RDS DB Instance Maintenance and Upgrades
Changes to a DB instance can occur when a DB instance is manually modifiedfor e.g. DB engine version is upgraded, or when Amazon RDS performs maintenance on an instance
Amazon RDS Maintenance
- Periodically, Amazon RDS performs maintenance on Amazon RDS resources, such as DB instances and most often involves updates to the DB instance’s operating system (OS).
- Maintenance items can either
- be applied manually on a DB instance at ones convenience
- or wait for the automatic maintenance process initiated by Amazon RDS during the defined weekly maintenance window.
- Maintenance window only determines when pending operations start, but does not limit the total execution time of these operations. Maintenance operations are not guaranteed to finish before the maintenance window ends, and can continue beyond the specified end time.
- Maintenance update availability can be checked both on the RDS console and by using the RDS API. And if an update is available, one can
- Defer the maintenance items.
- Apply the maintenance items immediately.
- Schedule them to start during the next defined maintenance window
- Maintenance items marked as
- Required cannot be deferred indefinitely, if deferred AWS will send a notify the time when the update will be performed next
- Available and can be deferred indefinitely and the update will not be applied to the DB instance.
- Required patching is automatically scheduled only for patches that are related to security and instance reliability . Such patching occurs infrequently (typically once every few months) and seldom requires more than a fraction of your maintenance window.
- Maintenance items require that RDS take your DB instance offline for a short time. Maintenance that requires DB instance to be offline include scale compute operations, which generally take only a few minutes from start to finish, and required operating system or database patching.
- Multi-AZ deployment for the DB instance reduces the impact of a maintenance event by following these steps:
- Perform maintenance on the standby.
- Promote the standby to primary.
- Perform maintenance on the old primary, which becomes the new standby.
- When database engine for the DB instance is modified in a Multi-AZ deployment, RDS upgrades both the primary and secondary DB instances at the same time. In this case, the database engine for the entire Multi-AZ deployment is shut down during the upgrade.
Operating System Updates
- Upgrades to the operating system are most often for security issues and should be done as soon as possible.
- OS updates on a DB instance can be applied at ones convenience or can wait for the maintenance process initiated by RDS to apply the update during the defined maintenance window
- DB instance is not automatically backed up when an OS update is applied, and should be backup up before the update is applied
Database Engine Version Upgrade
- DB instance engine version can be upgraded when a new DB engine version is supported by RDS.

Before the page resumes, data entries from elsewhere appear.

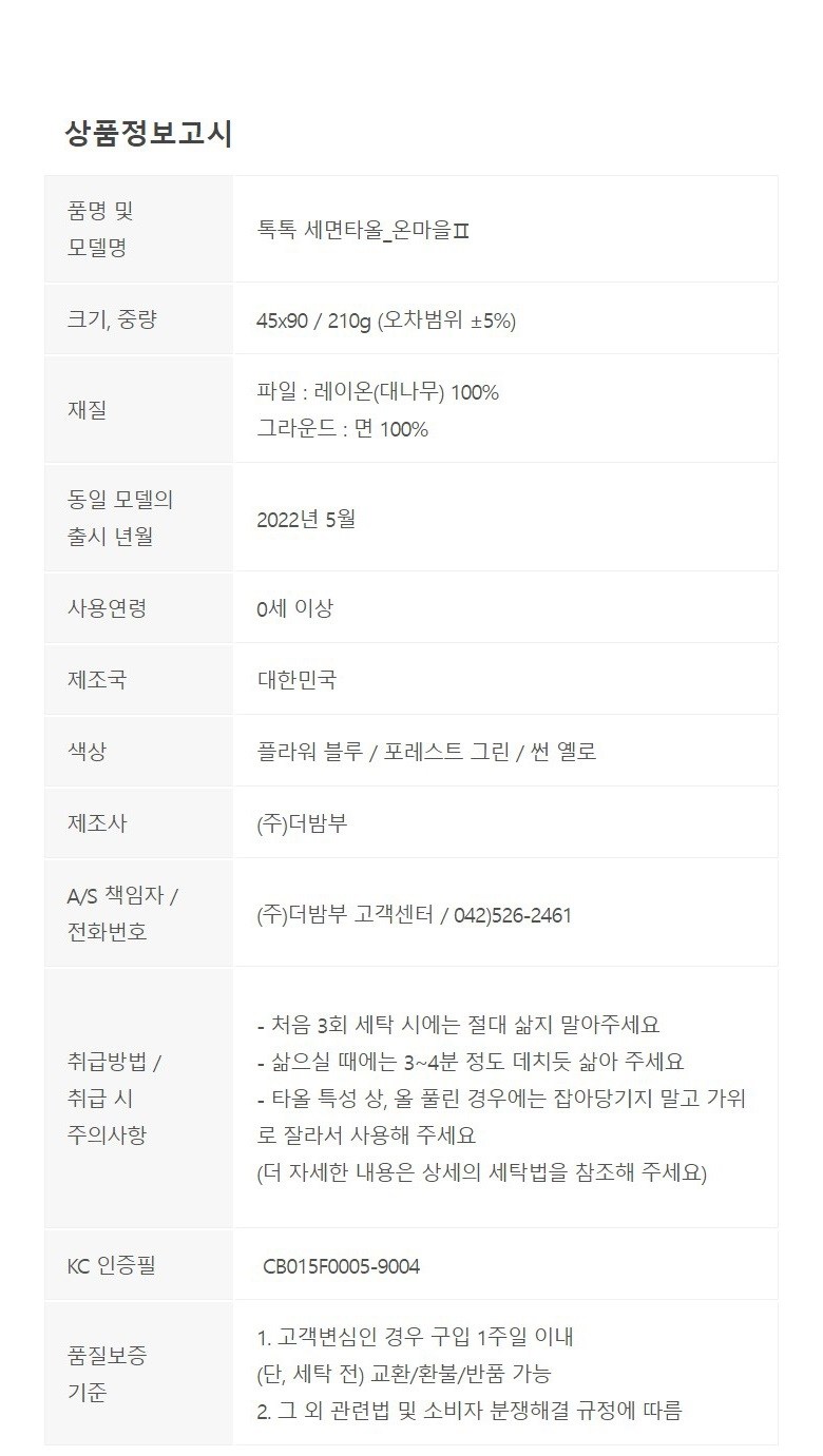 | 품명 및 모델명 | [밤부베베] 톡톡 세면타올_온마을II (포레스트그린) | KC 인증정보 | CB015F0005-9004 |
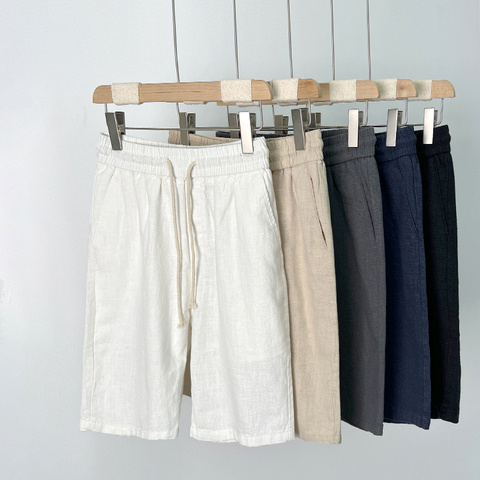 Medias pantalonetas de verano informales personalizadas para hombre, 100% de lino puro, ajuste holgado tejido con cintura elástica, medias pantalonetas transpirables
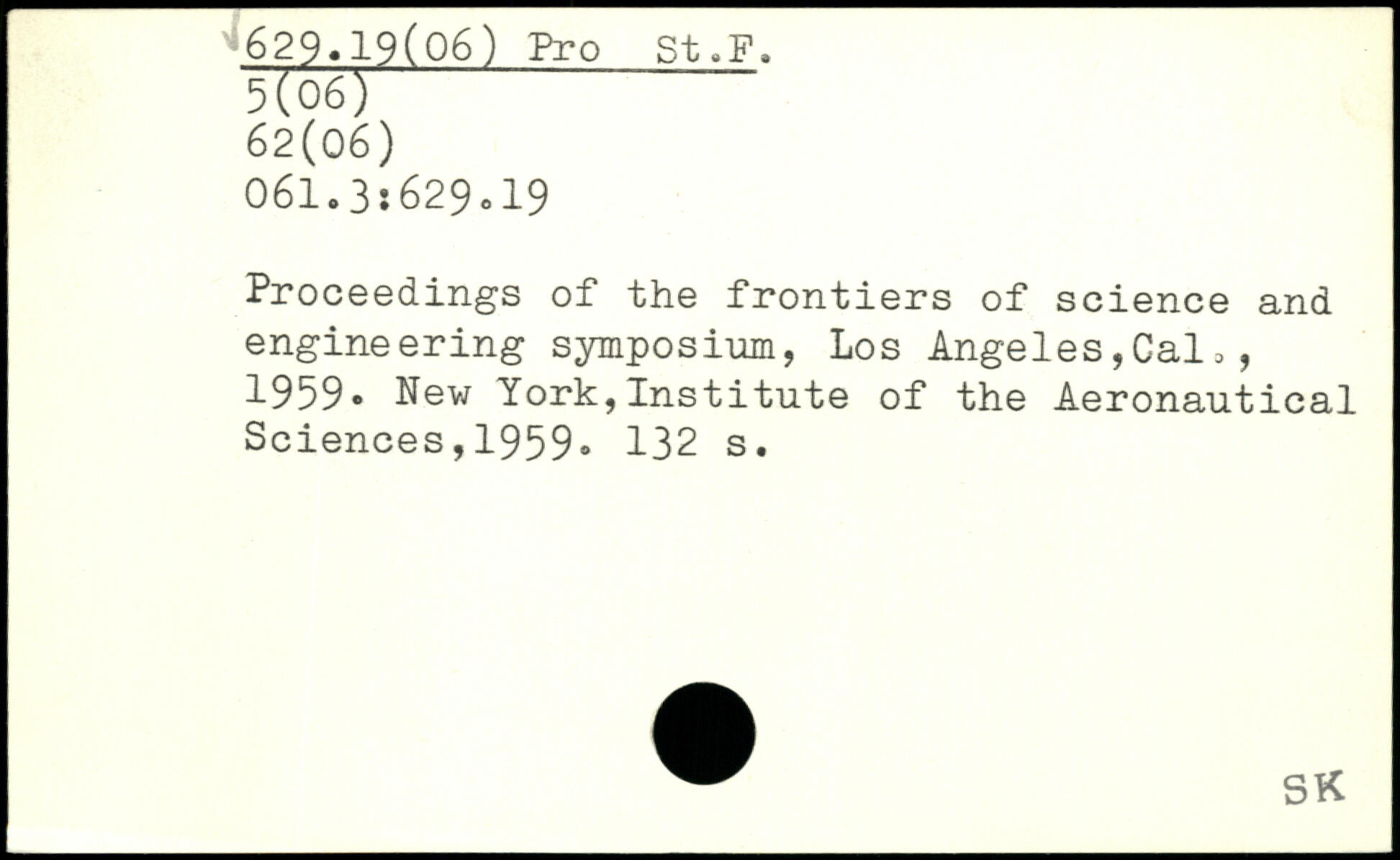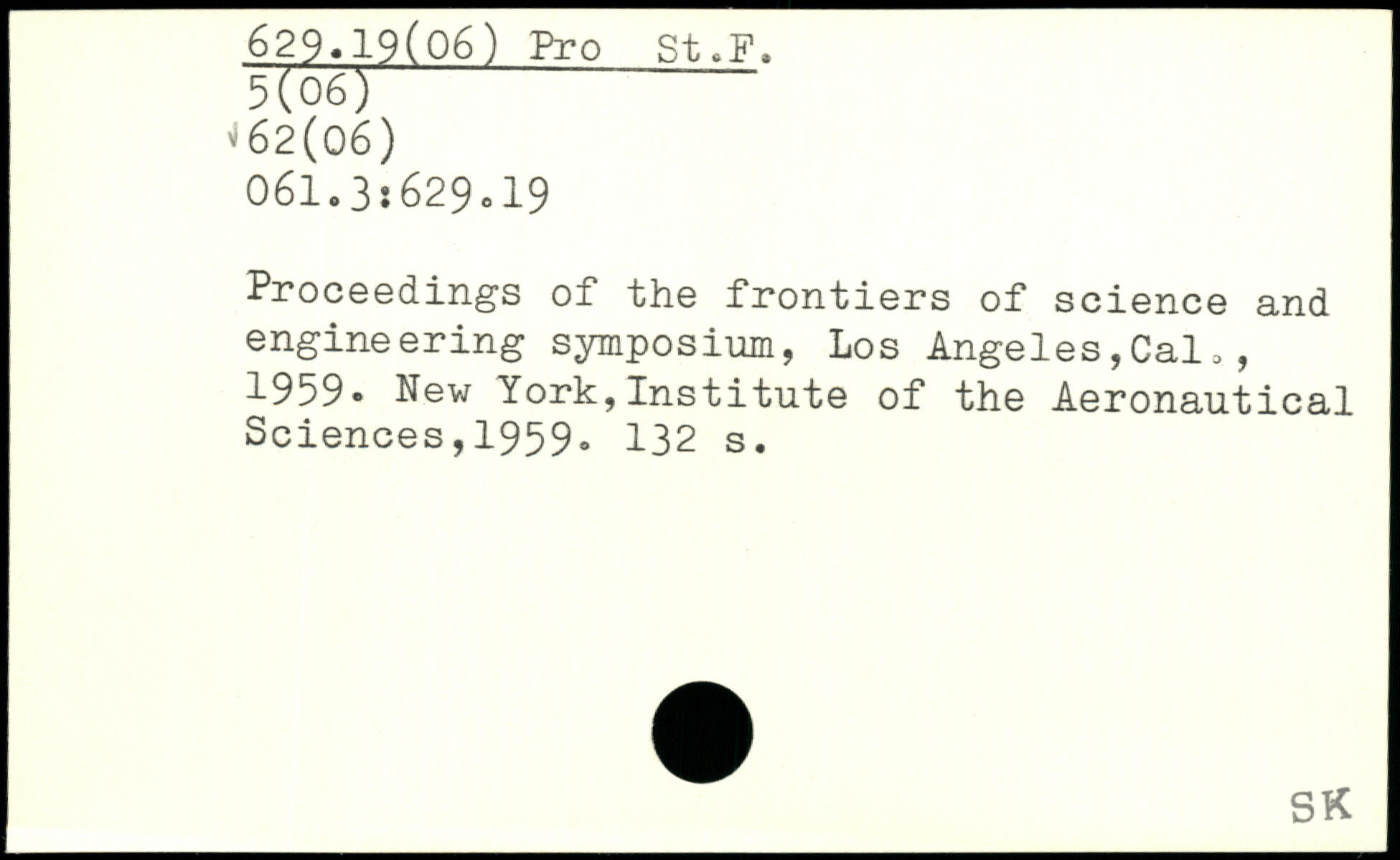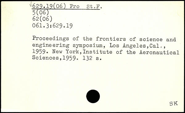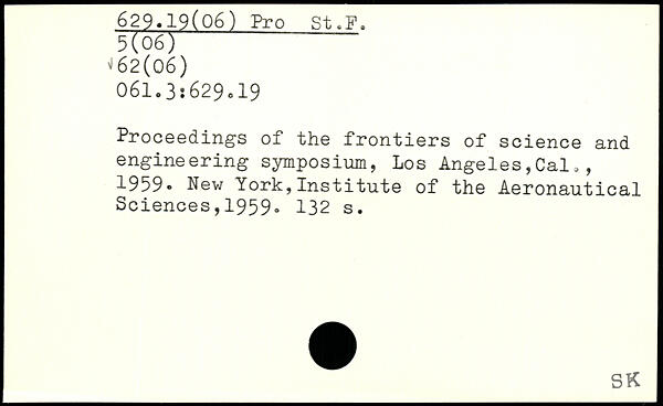 Proceedings of the frontiers of science and engineering symposium, Los Angeles,Cal,, 1959. New York,Institute of the Aeronautical Sciences,1959
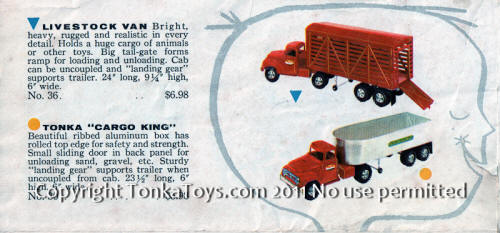 ![]() No. 36 livestock Van Bright, heavy, rugged and realistic in every detail. Holds a huge cargo animals another toys. Big tailgate forms ramp for loading and unloading. Can be coupled and "landing gear" supports trailer. 24 inches long, 9 1/4 inches high, 6 inches wide. No. 30 Tonka cargo King Beautiful ribbed aluminum box has roll top edge for safety and strength. Small sliding door and the back panel for unloading sand, gravel, etc. Sturdy " landing gear" supports trailer when uncoupled from. 23 1/2 inches long, 6 inches high, 6 inches wide. |
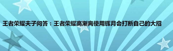 王者荣耀夫子问答:王者荣耀高渐离使用辉月会打断自己的大招
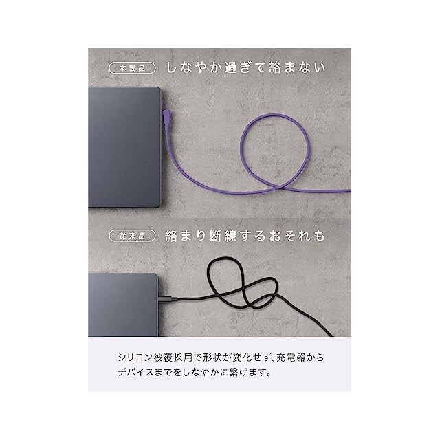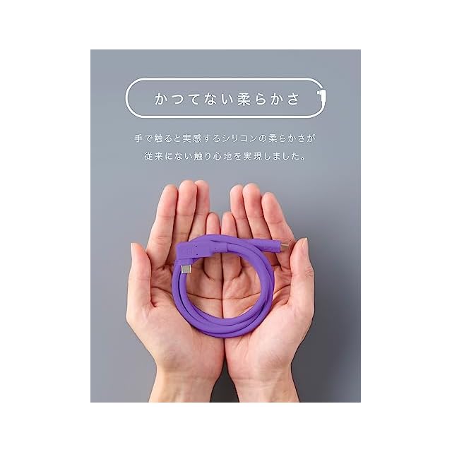 【しなやかなシリコン素材】外装にシリコン素材を使用したことで、従来のケーブルにはない柔らかい質感を実現しました。優しい使い心地をご体感ください。カバンやポケットに入れても絡みにくく、出し入れもスムーズに行えます。折り癖や巻き癖が付きにくいため、いつでもストレスフリーにご使用いただけます。
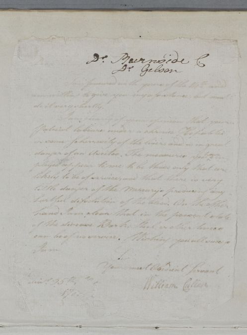 Letter to Dr Burnside concerning the case of Dr Gibson, p.35. Cullen advises on treatment, since 'your Patient labours under a chronic Hepatitis or some Schirrosity of the liver and is in great danger of an Ascites'.
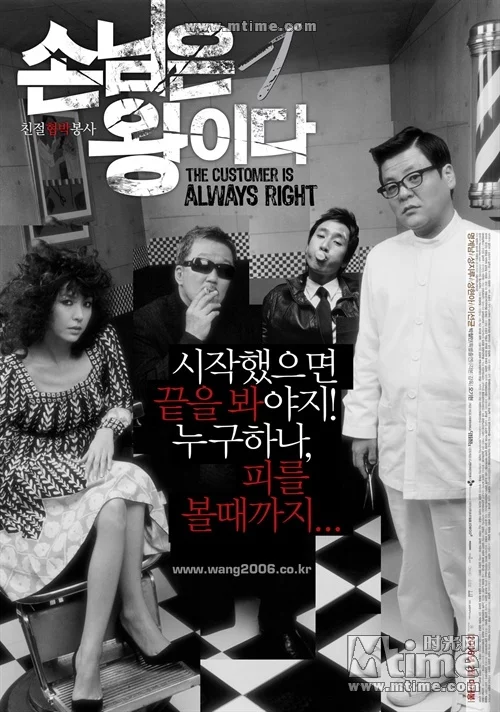 客人为王是一部韩国电影。理发师安昌进是一个与理发店外面的人相处不太融洽的人物,而在自己唯一的窨理发馆内来自,他却是一个最优秀的理发师。黑白搭配挥乱色首证云穿的地板加上非常现代的装饰,透视着理发师的日常生活。这样的一个理发师与周围破旧的房屋形成了鲜明的对比。黑白为主钯的理发馆,它那古典的风格让人联想到好莱坞40年代时的侦探风格电影。随着一个个客人进入理发馆,事情变得越来越复杂,黑与白,明与暗变得更加的鲜明,电影《客人是王》展现了它特有的色彩。
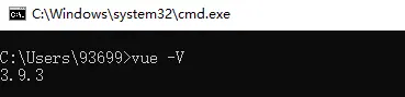 此时在重新打开cmd输入vue -V,显示出了版本号,说明已经vue已经安装成功,vue命令已经可以使用了
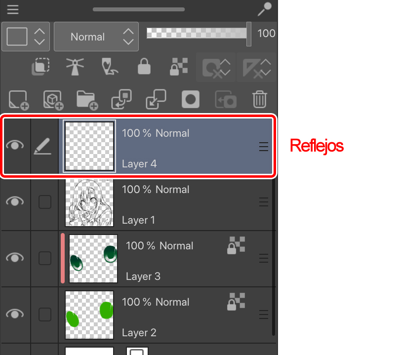 Para pintar los reflejos, crea una nueva capa sobre la del line art. Dibujando los reflejos encima del line art conseguimos dar más profundidad a los ojos.
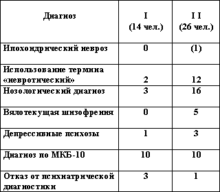 8 молодых психиатров использовали термин «невроз» (стаж 1-3 года), два психиатра диагностировали «ипохондрическое развитие личности» (стаж 30 и 1 год);
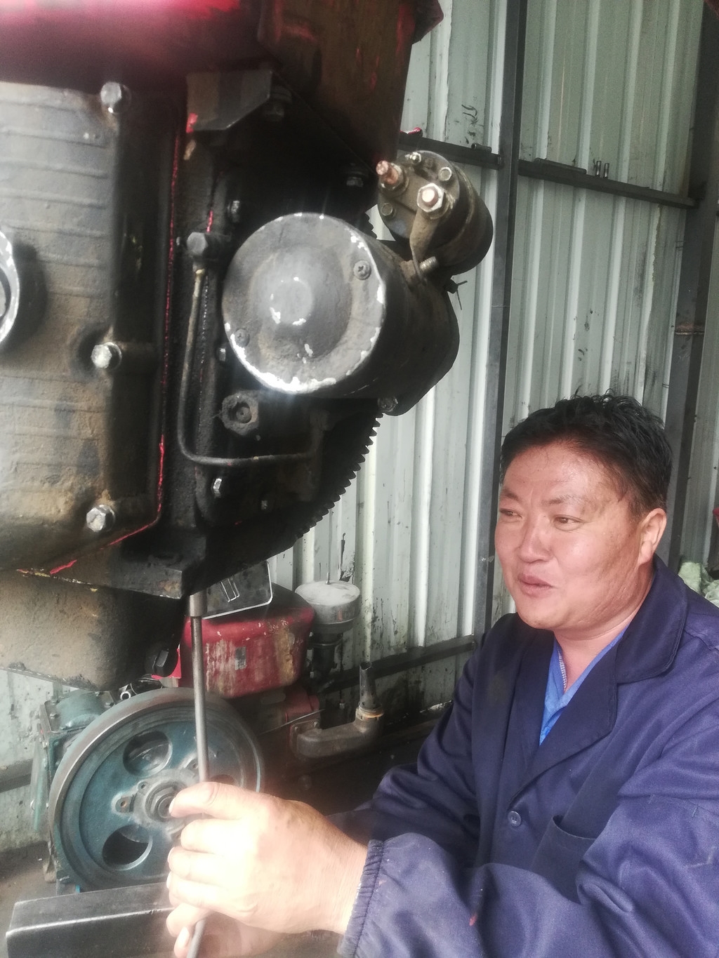 11月3日,晌午时分,妻子已经催3次饭了,罗兴国还捏着扳手,立于铁架边,一颗一颗转紧螺丝帽。全身上下沾满了黑漆漆的油渍,但罗兴国心里十分敞亮。“罗师傅,拖拉机咋一发动就有异响呢?”“齿轮、轴承磨损凶了,换个新的零件,上点儿油就好了。”如今的罗兴国是乡城县远近闻名的维修“高手”,当地群众的农械有个”三病两痛“,专服罗师傅。
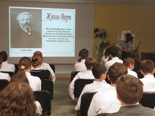 В начале мероприятия ребята ознакомились с творчеством французского писателя и узнали, что Жюль Верн создал целую библиотеку увлекательных приключенческих романов, наполненных познавательными сведениями из разных областей знаний.
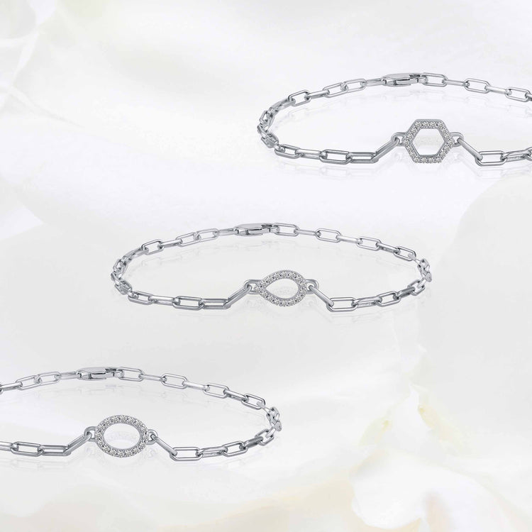 1/5 - 1/6 Cttw Natural Diamond Pave Link Chain 7" Bracelet in 925 Sterling Silver (Select Design)
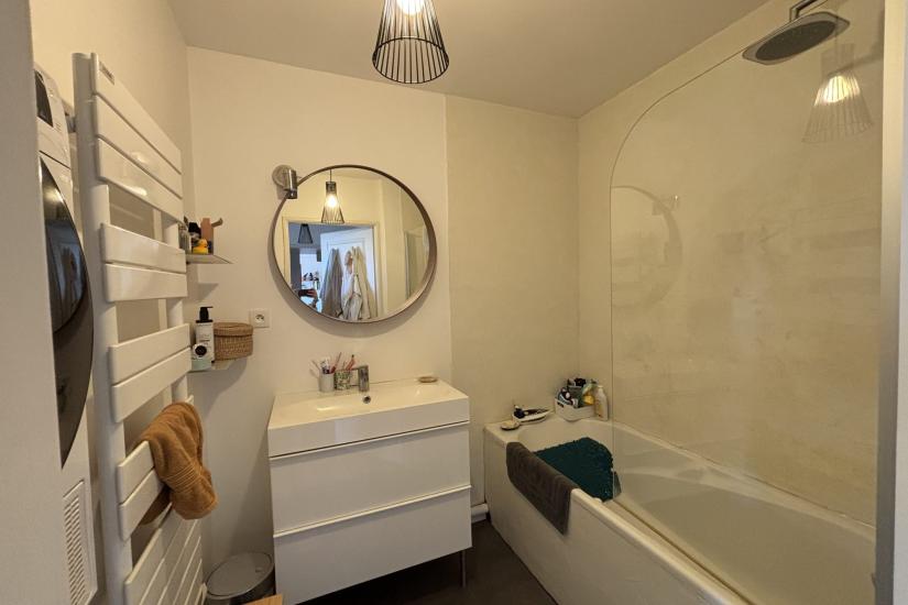 Il se compose d’un agréable séjour lumineux exposé Est, d’une cuisine aménagée et équipée (four, hotte, plaques de cuisson, réfrigérateur/congélateur, lave vaisselle), de deux chambres avec placards, ainsi que d'une salle d’eau.
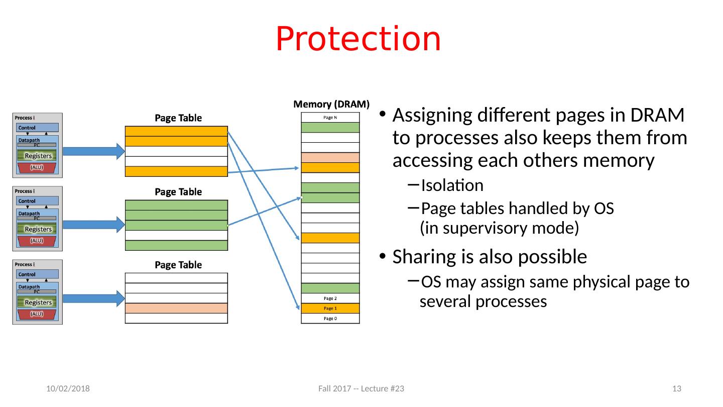 13 .Protection Assigning different pages in DRAM to processes also keeps them from accessing each others memory Isolation Page tables handled by OS (in supervisory mode) Sharing is also possible OS may assign same physical page to several processes 13 Fall 2017 -- Lecture #23 11/15/17
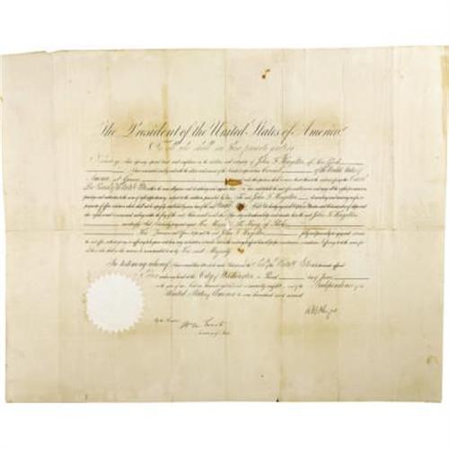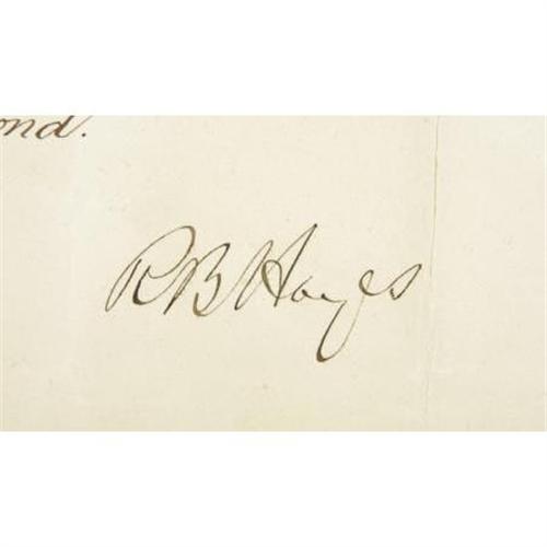 <B>Rutherford B. Hayes As President Partially Printed Document Signed,</B></I> “<I>R B Hayes</B></I>”, one page, 22” x 18”, Washington, D.C., June 3, 1878. An appointment naming John F. Hazelton U.S. Consul at Genoa. Countersigned by Secretary of State William M. Evarts and affixed with State Department seal. Moderate stains, minor paper loss along folds. Bold Hayes signature, good condition. <BR><BR><b>Shipping:</b> Flat Material, Large (<a target="_blank" href="http://www.heritageauctions.com/common/shipping.php">view shipping information</a>)

- Database version upgrades consist of major and minor version upgrades.
- Major database version upgrades
- can contain changes that are not backward-compatible
- RDS doesn’t apply major version upgrades automatically
- DB instance should be manually modified and thoroughly tested before applying it to the production instances.
- Minor version upgrades
- Each DB engine handles minor version upgrade slightly differently for e.g. RDS automatically apply minor version upgrades to a DB instance running PostgreSQL, but must be manually applied to a DB instance running Oracle.
- Major database version upgrades
- Amazon posts an announcement to the forums announcement page and sends a customer e-mail notification before upgrading an DB instance
- Amazon schedule the upgrades at specific times through the year, to help plan around them, because downtime is required to upgrade a DB engine version, even for Multi-AZ instances.
- RDS takes two DB snapshots during the upgrade process.
- First DB snapshot is of the DB instance before any upgrade changes have been made. If the upgrade fails, it can be restored from the snapshot to create a DB instance running the old version.
- Second DB snapshot is taken when the upgrade completes. After the upgrade is complete, database engine can’t be reverted to the previous version. For returning to the previous version, restore the first DB snapshot taken to create a new DB instance.
- If the DB instance is using read replication, all of the Read Replicas must be upgraded before upgrading the source instance.
- If the DB instance is in a Multi-AZ deployment, both the primary and standby replicas are upgraded at the same time and would result in an outage. The time for the outage varies based on your database engine, version, and the size of your DB instance.
RDS Maintenance Window
- Every DB instance has a weekly maintenance window defined during which any system changes are applied.
- Maintenance window is an opportunity to control when DB instance modifications and software patching occur, in the event either are requested or required.
- If a maintenance event is scheduled for a given week, it will be initiated during the 30 minute maintenance window as defined
- Maintenance events mostly complete during the 30 minute maintenance window, although larger maintenance events may take more time
- 30-minute maintenance window is selected at random from an 8-hour block of time per region. If you don’t specify a preferred maintenance window when you create the DB instance, Amazon RDS assigns a 30-minute maintenance window on a randomly selected day of the week.
- RDS will consume some of the resources on the DB instance while maintenance is being applied, minimally effecting performance.
- For some maintenance events, a Multi-AZ failover may be required for a maintenance update to complete.